今年3月に抗癌剤が変わって、最初は重い副作用で入院騒ぎになってしまったが、その後は副作用も徐々に軽くなり、肝臓癌の進行をある程度は抑えられている。

ただ、今の薬の効力がいつまでも続くわけではなく、そうなるとまた別の薬を試すことになるけれども、いずれは抗癌剤治療の限界がやってきて、いったん黄疸症状が出始めるともう投薬は不可能になり、緩和ケアに移行することになる。

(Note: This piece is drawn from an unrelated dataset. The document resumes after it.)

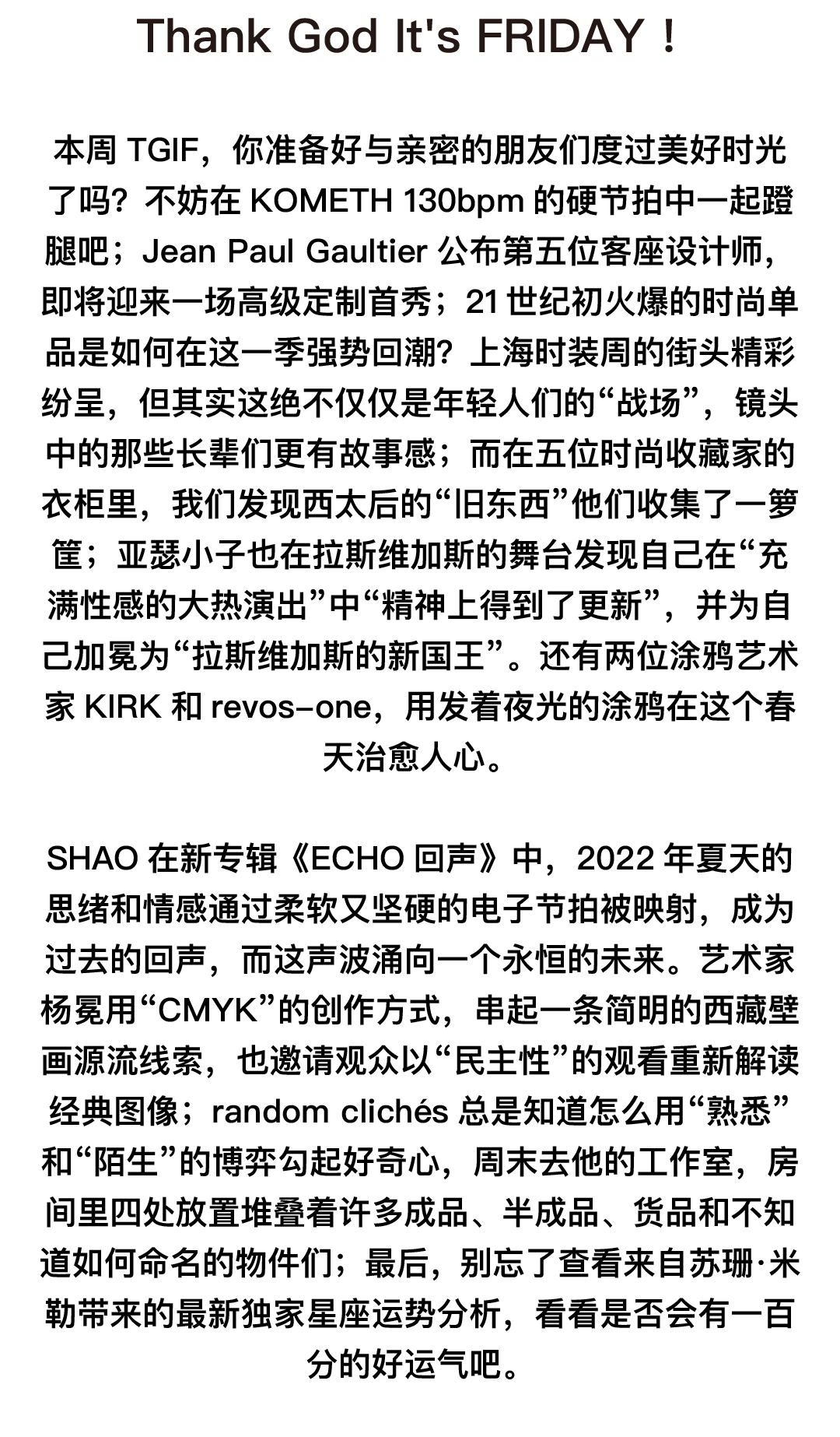 VOGUE官方小程序全新上线 点击查看往期TGIF 点击阅读更多VOGUE+精彩内容 编辑Mago Tang 编辑助理 Rilke、Annette、Jo、Roey 视觉设计乐乐、小乙

それは大体いつごろになるのか、先日の診察で主治医に目安を尋ねたところ、「もう年の単位ではなく、月単位で考えて下さい」とのことだった。簡単に言えば「余命1年以内」ということである。問題はあくまで肝臓の癌だけれど、肺にもまだ小さいながら転移が出始めているという。

おおかた覚悟していたとおりで、この期に及んでジタバタするつもりはない。夏の暑さに我慢するのもこれがたぶん最後かと思うと、汗かきで暑がりの自分には有難いぐらいだ。コロナの災禍と五輪の狂騒が同時進行する、異常な最後の夏をせいぜい楽しみたい。

また、1日にはコロナワクチン1回目の接種を受けた。当市では準備に相当手間取っていて、「基礎疾患あり」の優先予約でもようやくこの時期になったのだが、受付や問診で「疾患」についての詳しい確認は求められなかった。自称「基礎疾患あり」でもスルーできてしまうのではないか。